NEW YORK—Oil futures advanced for their fourth straight session, boosted by signs of progress toward shoring up financial stability in the euro zone.
France and Germany plan to unveil a plan to address Europe's sovereign-debt woes, while Franco-Belgian bank Dexia SA agreed to a bailout package. The headlines boosted sentiment across markets and helped extend a rally in crude that followed Friday's news that U.S. employers hired more workers than expected last month.
"The one thing we've learned in this economic crisis is that bailouts are bullish," said Phil Flynn, oil analyst at PFG Best in Chicago.
Light, sweet crude for November delivery rose $1.59, or 1.9%, to $84.57 a barrel on the New York Mercantile Exchange.
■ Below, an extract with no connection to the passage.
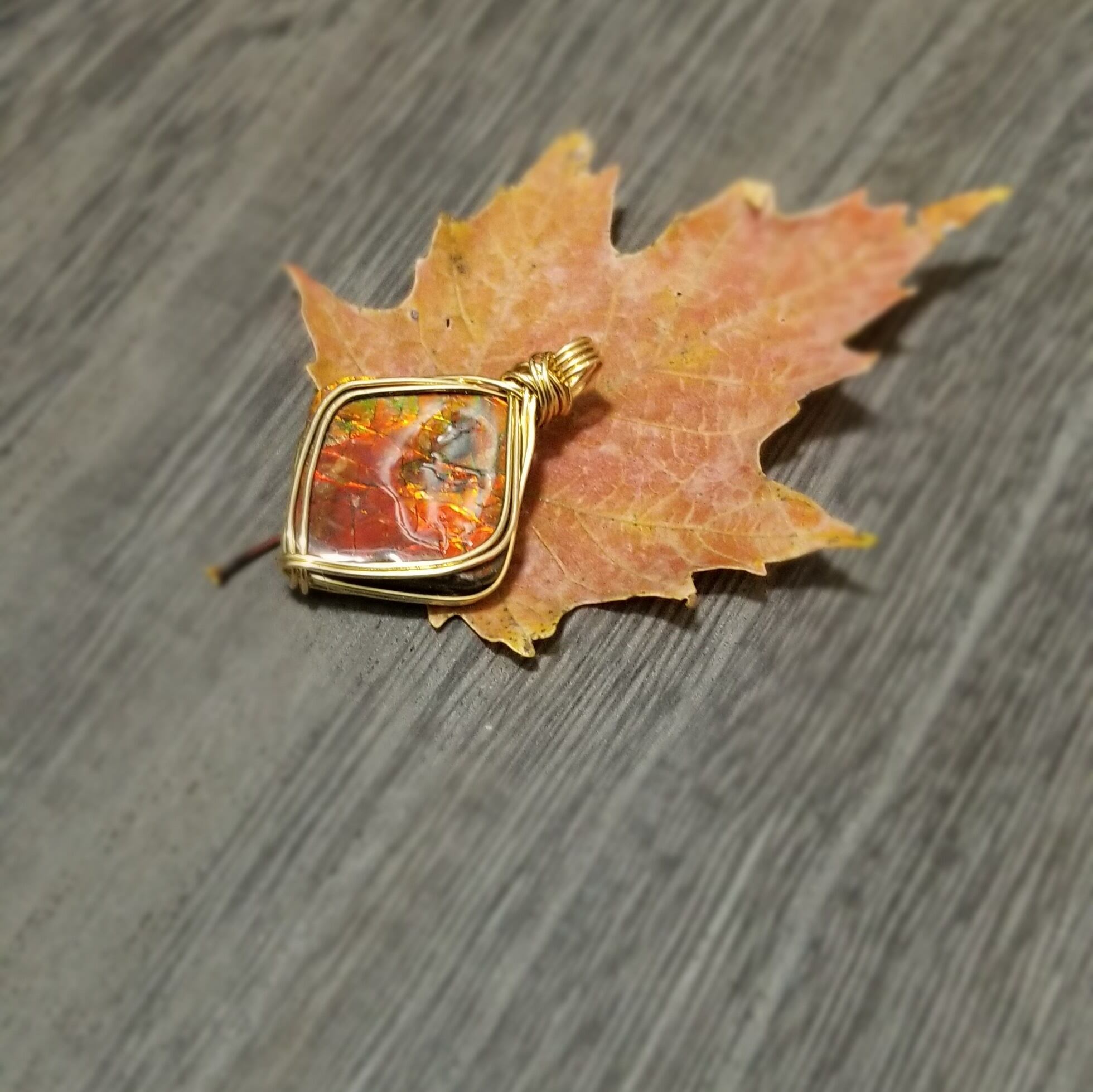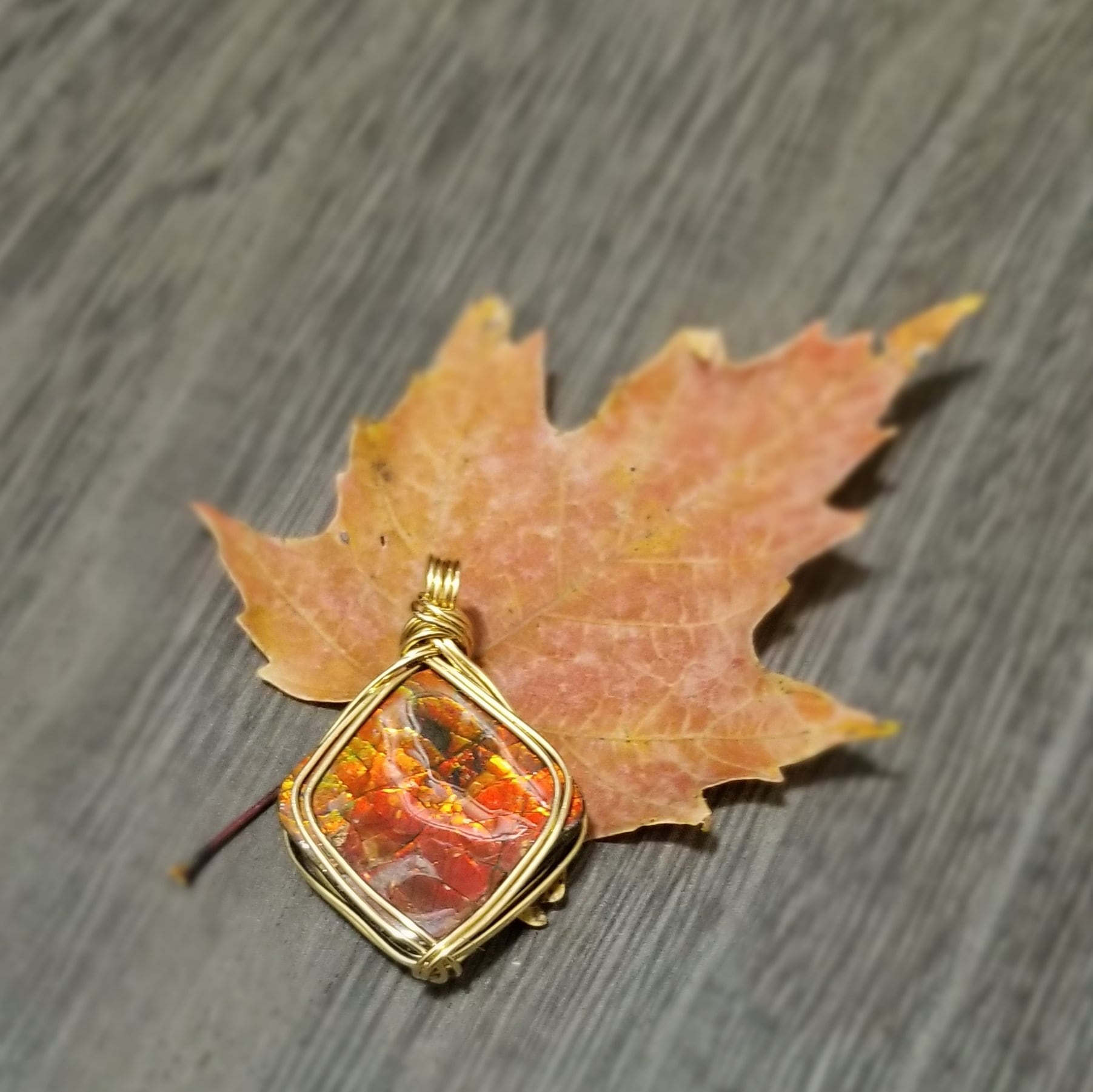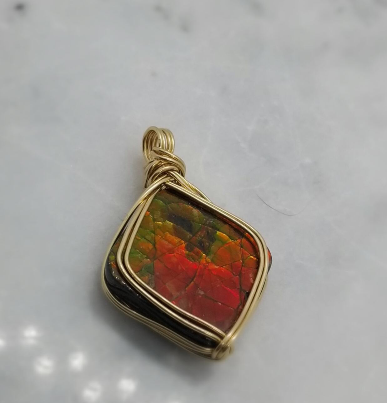 カナダ産のアンモライトを14kgfワイヤーでペンダントトップに仕立てました。

Brent crude on ICE Futures Europe traded up $1.16, or 1.1%, to $107.04 a barrel.
Crude futures rose on news that German Chancellor Angela Merkel and French President Nicolas Sarkozy will unveil a solution to Europe's debt crisis by the end of the month. The reports bolstered sentiment in the oil market, which has been roiled by worries that Europe's debt woes are spreading and undercutting crude-oil demand.
"We'd probably be up more if we had more of a clear idea of what they were planning," Mr. Flynn said.
The news helped send Nymex crude as high as $84.92 a barrel Monday, the highest trade since Sept. 22. The contract is up nearly $10 a barrel from lows reached just last week, bolstered by a string of encouraging macroeconomic headlines out of both Europe and the U.S.
On Friday, the Labor Department said U.S. employers added 103,000 jobs in September, a much higher number than economists expected. The report eased oil traders' fears that the economy of the world's biggest crude consumer is headed for a double-dip recession, which would further erode demand.
Such fears have haunted the oil market for much of the summer, sending prices for benchmark crude on the Nymex tumbling from their high of nearly $115 a barrel reached in May. The earlier-than-expected return of Libyan oil exports has also eased the pressure on prices and helped to narrow the wide gap between Nymex and Brent crude, the benchmark used widely in Europe.
The gap on Monday stood at about $22.50, down from an all-time high of about $26 a barrel last month.
"This remains a headline driven [market] that appears poised to react to the latest headlines of the euro zone, the U.S. or China," said Jim Ritterbusch, head of the oil trading advisory firm Ritterbusch and Associates in Galena, Ill.
Front-month November reformulated gasoline blendstock, or RBOB, recently traded up 3.78 cents, or 1.5%, to $2.6854 a gallon. November heating oil traded up 2.23 cents, or 0.8%, to $2.8881 a gallon.